Americans believe vastly different versions of what happened in Washington a year ago, when a group of Trump supporters breached the U.S. Capitol on January 6 and disrupted the certification of President Joe Biden’s election victory by Congress.

At a “March to Save America” that day, Trump called on Vice President Mike Pence, who oversaw the certification, to overturn the election results, and the former president told attendees to walk to the Capitol. Some 1,200 people broke into the Capitol building early that afternoon, preventing Congress from voting until after midnight; a majority of Republican members of the House of Representatives voted against certifying Biden’s win.

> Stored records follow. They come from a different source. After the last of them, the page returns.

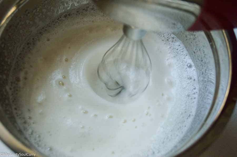 Use your electric mixer or stand mixer to whip the chickpea can water for making your aquafaba. Beat for almost ten minutes to get the stiff peaks. The water will first be foamy, then white and eventually it will start to turn soft, airy and stiffer. Once you start to see the peaks, stop it right there.
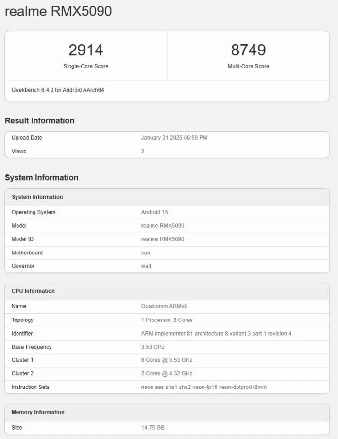 Realme’s upcoming GT 7 smartphone has emerged in benchmark and certification listings, disclosing important specifications. A Geekbench entry, identified by MySmartPrice, indicates that the device (model number RMX5090) achieved a score of 2,914 in single-core tests and 8,749 in multi-core tests.
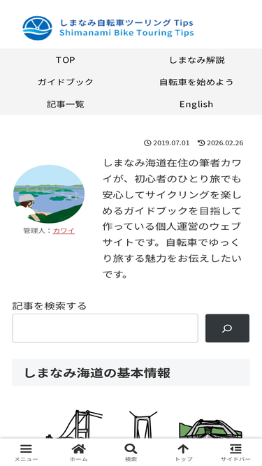 100%初心者でも安心の「しまなみ海道サイクリング」。距離や所要時間、レンタサイクルの選び方、オススメの旅行プランなど自転車旅行計画に役立つ情報や、スポーツ自転車をこれから始めようとしている自転車ビギナー向けのサイクリング情報を現地在住サイクリストが発信しています。
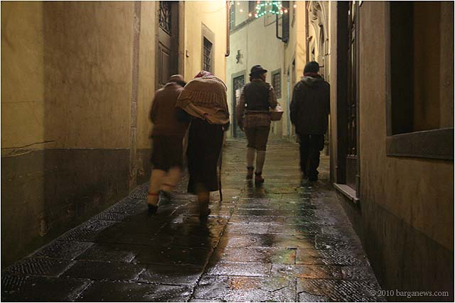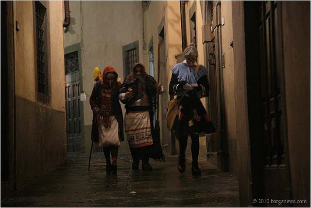 Well as we have already said in an earlier article, the weather once again made itself felt as the Befana unfortunately arrived in Barga in a mixture of rain clouds, mist, fog and drizzle. All in all, not very joyous occasion but the organisers of the event deftly changed foot, change direction and moved the event out of Piazza Angelio and the non-existent bonfire and instead moved everything inside in what used to be the Scottish Museum. All eyes were then on the weather forecast for the evening when the Befanotti come down from the mountains for their traditional meeting and singing in Barga Vecchia …. did it happen?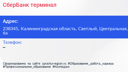 СберБанк, терминал по адресу 238345, Калининградская область, Светлый, Центральная, 6а в дальнейшем Организация, размещена в следующих категориях: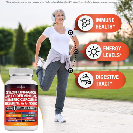 Organic Ceylon Cinnamon, Turmeric, Apple Cider Vinegar, Ginseng, Aloe Vera, Berberine, Banaba, Ginger Root Capsules - 180 Count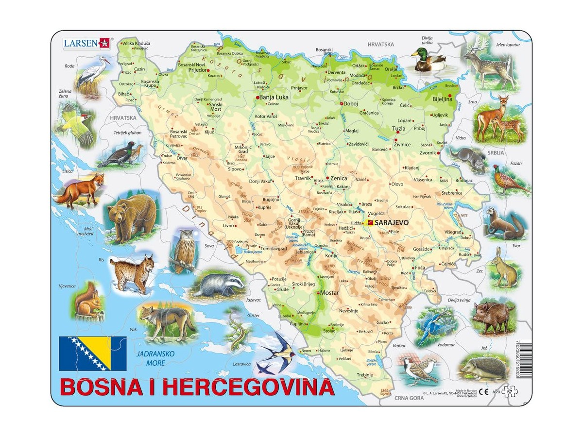 Puzzle Larsen - Bosnia and Herzegovina with Animals, 57 Piese (48365)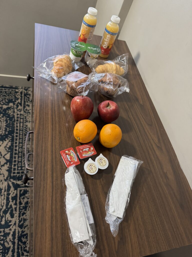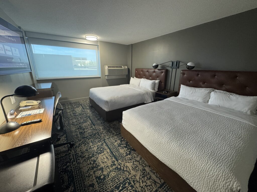 About 10 minutes driving and we were there. No line-up to check-in, and I was able to arrange interconnecting rooms without incurring extra charges. I mentioned our early departure, and the front desk staff kindly pointed out that we could get a cold breakfast if we wanted and that early-morning shuttles would run twice as often – every 15 minutes.

Despite frequent media coverage during the past year, almost 40 percent of American voters surveyed in mid-December do not know which candidate the rioters supported. About 14 percent identified them as being Trump opponents, and 24 percent admitted they didn’t know whose side the mob was on at all. Even within the Republican Party, there’s no consensus about what took place. About 45 percent of Republicans said that the rioters were a threat to democracy, while 52 percent said those involved were protecting democracy, according to a poll taken at the end of December. What was the attack on the U.S. Capitol actually about?

Seth Masket is a professor of political science and the director of the Center on American Politics at the University of Denver. In Masket’s view, the vast majority of Republicans and Democrats—from party leaders to voters—initially condemned the violence of January 6, but the Republican Party has increasingly moved since then to excuse or even condone the rioters.

Republicans’ interpretation of the attack on the Capitol reveals the enduring threat from that day, Masket says: If the party refuses to accept an election when they lose, then American democracy is in danger. As Masket sees it, the root cause of the attack and the party’s focus on elections is Trump’s claim that he won the 2020 presidential election. Acceptance of this lie is now the litmus test for all prospective Republican candidates, and it explains the moves in Republican-controlled states to impose new voting restrictions and enable state officials to challenge or even reject election results. The failure among political elites to agree on whether elections are legitimate has often preceded the breakdown of democracy in other countries.


Michael Bluhm: How should we understand what happened on January 6?

Seth Masket: It’s a good question. There is a lot of disagreement over what January 6 was and how we should be thinking about it.

It’s important to think about it as an unsuccessful coup attempt. This was a coup attempt in which a sitting leader attempts to subvert democracy to remain in power indefinitely. That has happened in other countries—in Latin America and some Eastern European countries—and it happened here.